Para comemorar os 50 anos do Teatro Oficina, o diretor, dramaturgo, ator e representante de Dioniso na terra, Zé Celso, traz para os palcos de seu terreiro o espetáculo Macumba Antropófoga- obra que também homenageia o antropófago Oswald de Andrade.

Quem me conhece sabe que tenho um certo fascínio pelo trabalho do Zé. Desde a primeira vez que vi Os Sertões, em 2006, criei uma ligação emocional muito forte com o seu trabalho. Explico o porquê. No ano que pisei pela primeira vez na avenida Oficina, eu encontrei lá toda a liberdade que existia em mim, mas que não era possível vivenciar.

Se você conhece o trabalho do grupo, sabe do que eu estou falando. A energia e a comunicação que eles permitem existir entre o público, o espetáculo e os atores são raras. Você consegue deixar suas inibições de lado e mergulhar em um mundo sem qualquer pudor, onde tudo é permitido.

Desde então, sempre acompanhei de perto todas as peças criadas pelo diretor. E sempre divulguei para pessoas próximas porque tinha a curiosidade de como elas iriam responder a esse novo mundo. Chamei cinco amigos que jamais tinham visto nada na casa, apenas sabiam da fama do Zé. Estava confiante de que eles iriam adorar, apesar das três horas de duração.

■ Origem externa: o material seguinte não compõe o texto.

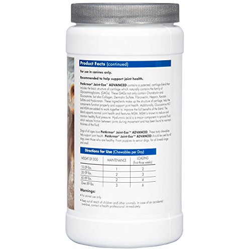 PetArmor for Dogs Joint -EZE ADVANCED is formulated to help nourish, support and maintain the health of your pet's joints and cartilage. Also contains MSM. Product is available in a 60 count bottle.
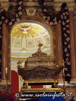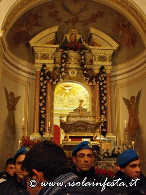 Lungo la navata centrale le invocazioni di giubilo accompagnano la sacra effigie e lo scrigno fino alla stipata navata destra in cui è situata la monumentale cappella. Tolte le “CIAPPETTE” (ganci metallici) che fissano il simulacro al “VAIARDO”, la statua di S. Lucia viene spostata verso il piano della macchinetta. Dopo essere stata elevata all’altezza della porta, l’immagine viene riposta dentro la “CAMMAREDDA” (cameretta).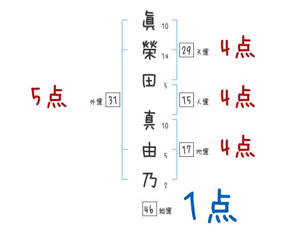 天運![]() | 眞榮田真由乃さんの天運は29画の4つ星!完全主義で才能がある。厳格な心の持ち主。 家系が持つ宿命的な運勢を表します。祖先から受け継いだ苗字ですので自分の力が及びません。家柄を象徴します。 |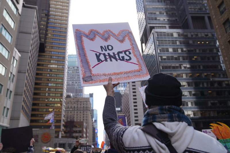 在好意思国纽约,抗议者手举“不要国王”标语牌。新华社记者 张凤国 摄
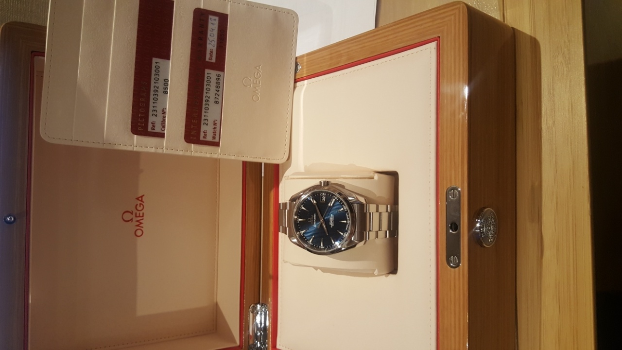Продаю абсолютно новые (не ношены , с пленками) часы OMEGA CO-AXIAL AQUA TERRA 150 М (ref 231.10.39.21.03.001), хронометр (точность хода +2 сек/сутки). Часы куплены в бутике омега ГУМ (Москва) 25 апреля 2018 г., подарены без согласования, вернуть в бутик не могу-это технически сложный товар, продаю за ненадобностью! Часы на гарантии 4 года. Перекупов прошу не беспокоить меня, ищу покупателя, который покупает часы для себя. Готов к любым осмотрам так как часы новые .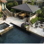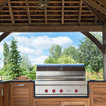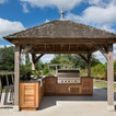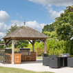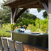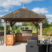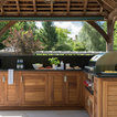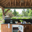 Just like the indoor kitchen, the key to a successful outdoor kitchen design is the zoning of the space – think about all the usual things like food prep, cooking and clearing away and make provision for those activities accordingly. In terms of the actual positioning of the kitchen think about the sun and where it is during the afternoons and early evening which will be the time this outdoor kitchen is most in use. A timber gazebo will provide shelter from the direct sunlight and protection from the elements during the winter months. Stone flooring that can withstand a few spills here and there is essential, and always incorporate a seating area than can be scaled up or down according to your entertaining needs.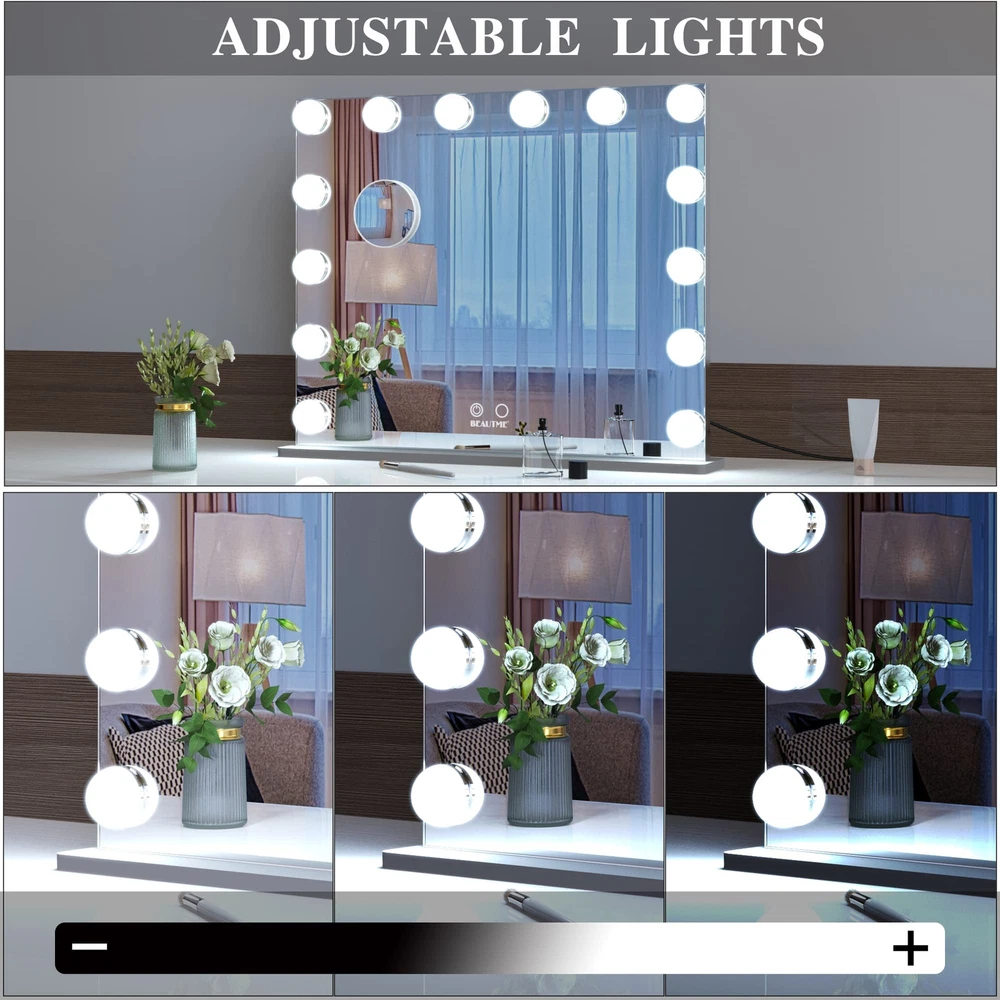 Large Size & Frame Design: Optic mirror 23.62''(L) x 19.69''(W) and overall frame,Strong, solid feel with metal frame, Gorgeous and superior reflective mirror built to last with top quality material. Vanity mirror for easy to use - Plug and play with the included 12V 1A adaptor. LED mirror with smart touch control and memory function. 2 Kinds of Setting Up, Wall Mounted / Tabletop Vanity Mirror. The Makeup Mirror Is Versatile Since It Can Be Placed on a Makeup Desk or Hung on The Wall,The Wooden Base is Easy to Install. Large Long Lasting Countertop / Wall Mirror. Optic Mirror 600mm(Width) X 500mm(Height) And Overall Frame, Strong, Solid Feel with Metal Frame And Wooden Base, Gorgeous And Superior Reflective Mirror Built to Last with Top Quality Material,No Need to Exchange The Bulbs. 14pcs Hollywood Vanity Mirror Led Lights and 1pcs 10X Round Mirror.Surrounded by 14X1.2W Led Lights, with Warm Light ( 4000K Color Temperature) / Daylight (6000K Color Temperature) Settings.Bulbs Provide Enough Brightness to Makeup in Dark. It Is Soft and Not Dazzling. A Good Gift for Family And Friends: for Women And Girls, Having Such A Make-Up Mirror Is Their Own Dream.With The Lighted Vanity Mirror, We Can Get A Better View of What We’Re Doing And This Is The Main Purpose of Such A Lighted Mirror-To Recreate The Natural-Lighting Environment We Need for Applying A Flawless Makeup.

Às 16h30, aproximadamente, a peça teve início. Entramos na avenida e formamos uma grande roda cantante. Passamos por todo o teatro e exploramos seus andares. Paramos para darmos inicio ao ritual e, logo após, invadimos as ruas do Bexiga para devorar suas preciosidades, como a Casa da dona Ya Ya e o Teatro Brasileiro de Comédia (o TBC). Uma verdadeira procissão que não se abala com todas as buzinas impacientes de carros e ônibus que esperam o fim da passeata.

No meio do caminho, em frente ao TBC, buscamos a musa Cacilda Becker que estava pronta para receber Tarsila do Amaral. Andamos mais um pouco e lá esta Oswald em seu apartamento à nossa espera.

Retornamos ao terreno localizado ao lado do teatro. Participamos de mais um ritual no qual o casal de artistas vanguardistas mergulham de vez na antropofagia. Voltamos ao número 520 da Rua Jaceguai, que se encontra mágico. A cenografia sempre é muito bem feita. Ela tem o poder de te levar para onde for. É impossível não se maravilhar com o trabalho cenográfico do grupo que, além de tudo, utiliza apenas material reciclável para compor o figurino e objetos de cena.

Mas, é quando voltamos ao teatro que tudo se complica. Quem conhece o Zé sabe que suas peças sempre falam da problemática com o empresário Silvio Santos. Há sempre nudismo e mais algumas manifestações para a preservação e investimento no bairro. Essa não foi diferente. Contudo, muitas das simbologias usadas não foram compreendidas pelo público que não frequenta o espaço.

Em muitos momentos, me senti perdida, sem saber exatamente o que estava acontecendo. Notei como alguns dos espectadores também estavam dispersos mexendo em seus celulares e conversando entre si. E acredito que o problema foi decorrente da ausência de um fio condutor que ligasse essa história de uma maneira um pouco mais nítida e compreensível.

Se, o objetivo do diretor era transformar o Manifesto Antropofágico de Oswald em peça teatral, a obra poderia ter sido melhor adaptada. Eu li o Manifesto e vi que todas as ideias estavam, sim, presentes no espetáculo. Mas, quando escrevemos um texto, temos uma liberdade de escrita que, muitas vezes, não cabe quando se cria uma peça teatral.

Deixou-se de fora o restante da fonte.